### Task instructions:
Please copy every record below exactly and leave out the pictures.

### The data:

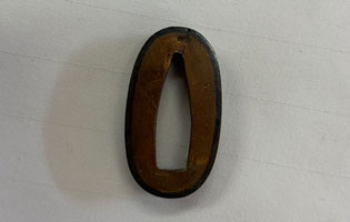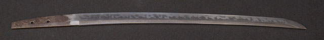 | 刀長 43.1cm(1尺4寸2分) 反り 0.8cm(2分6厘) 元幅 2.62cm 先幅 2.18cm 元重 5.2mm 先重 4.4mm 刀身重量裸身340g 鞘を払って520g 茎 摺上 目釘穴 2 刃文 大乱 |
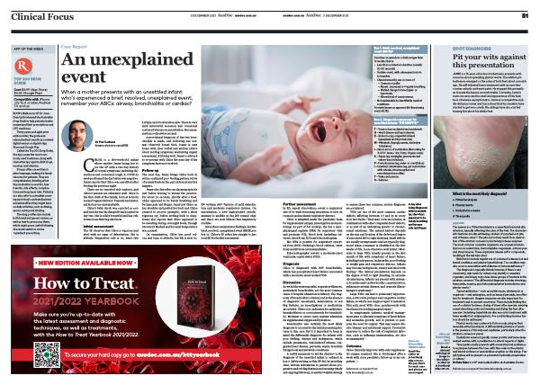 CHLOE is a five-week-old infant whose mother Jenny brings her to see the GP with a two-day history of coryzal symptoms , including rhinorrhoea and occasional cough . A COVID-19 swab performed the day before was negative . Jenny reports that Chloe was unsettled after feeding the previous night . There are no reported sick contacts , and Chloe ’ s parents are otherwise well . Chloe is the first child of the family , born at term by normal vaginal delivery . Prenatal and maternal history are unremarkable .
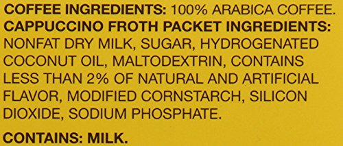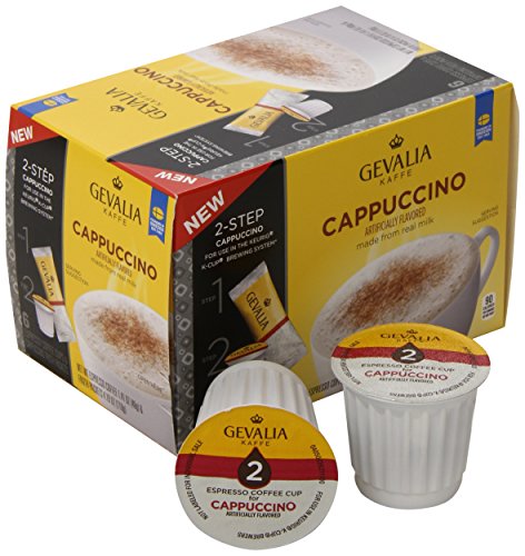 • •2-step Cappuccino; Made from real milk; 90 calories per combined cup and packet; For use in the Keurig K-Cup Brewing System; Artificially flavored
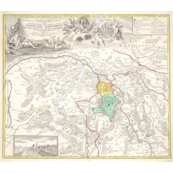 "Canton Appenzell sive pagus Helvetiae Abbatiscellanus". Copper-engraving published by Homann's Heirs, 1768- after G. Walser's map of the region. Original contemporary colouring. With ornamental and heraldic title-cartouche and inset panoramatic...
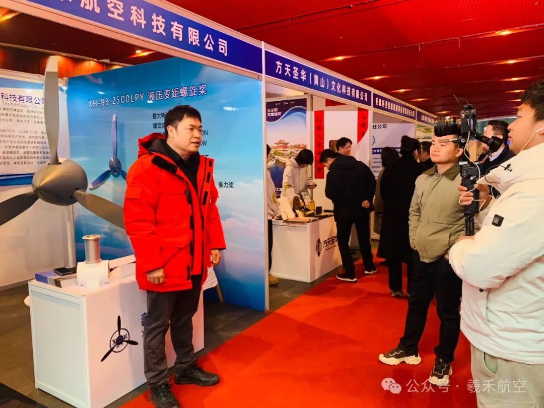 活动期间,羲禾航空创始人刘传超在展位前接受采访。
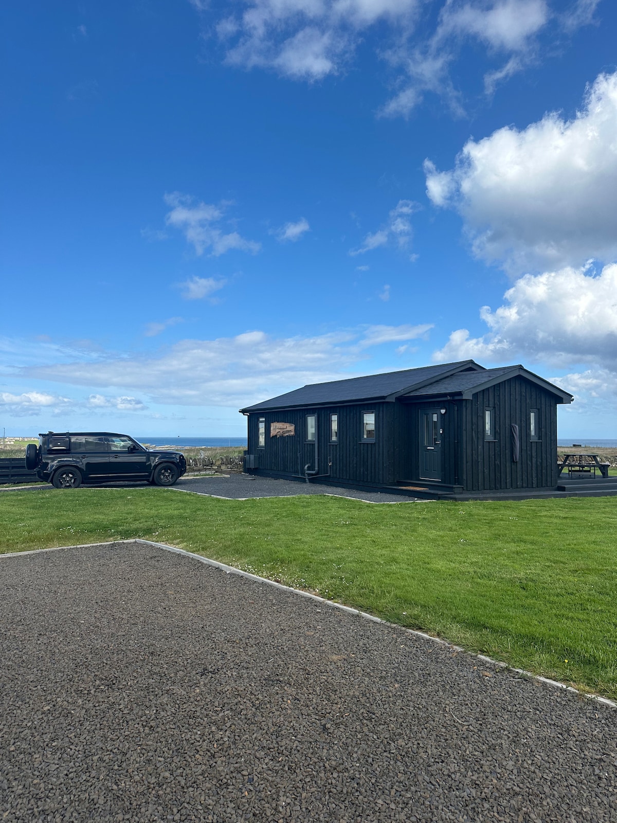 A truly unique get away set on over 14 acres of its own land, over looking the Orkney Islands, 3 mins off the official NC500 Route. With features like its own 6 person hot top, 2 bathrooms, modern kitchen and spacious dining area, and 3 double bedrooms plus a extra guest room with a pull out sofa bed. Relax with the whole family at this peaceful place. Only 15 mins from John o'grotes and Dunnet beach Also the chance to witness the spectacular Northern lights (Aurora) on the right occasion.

### Answer for the task:
 | 刀長 43.1cm(1尺4寸2分) 反り 0.8cm(2分6厘) 元幅 2.62cm 先幅 2.18cm 元重 5.2mm 先重 4.4mm 刀身重量裸身340g 鞘を払って520g 茎 摺上 目釘穴 2 刃文 大乱 |
 CHLOE is a five-week-old infant whose mother Jenny brings her to see the GP with a two-day history of coryzal symptoms , including rhinorrhoea and occasional cough . A COVID-19 swab performed the day before was negative . Jenny reports that Chloe was unsettled after feeding the previous night . There are no reported sick contacts , and Chloe ’ s parents are otherwise well . Chloe is the first child of the family , born at term by normal vaginal delivery . Prenatal and maternal history are unremarkable .
 • •2-step Cappuccino; Made from real milk; 90 calories per combined cup and packet; For use in the Keurig K-Cup Brewing System; Artificially flavored
 "Canton Appenzell sive pagus Helvetiae Abbatiscellanus". Copper-engraving published by Homann's Heirs, 1768- after G. Walser's map of the region. Original contemporary colouring. With ornamental and heraldic title-cartouche and inset panoramatic...
 活动期间,羲禾航空创始人刘传超在展位前接受采访。
 A truly unique get away set on over 14 acres of its own land, over looking the Orkney Islands, 3 mins off the official NC500 Route. With features like its own 6 person hot top, 2 bathrooms, modern kitchen and spacious dining area, and 3 double bedrooms plus a extra guest room with a pull out sofa bed. Relax with the whole family at this peaceful place. Only 15 mins from John o'grotes and Dunnet beach Also the chance to witness the spectacular Northern lights (Aurora) on the right occasion.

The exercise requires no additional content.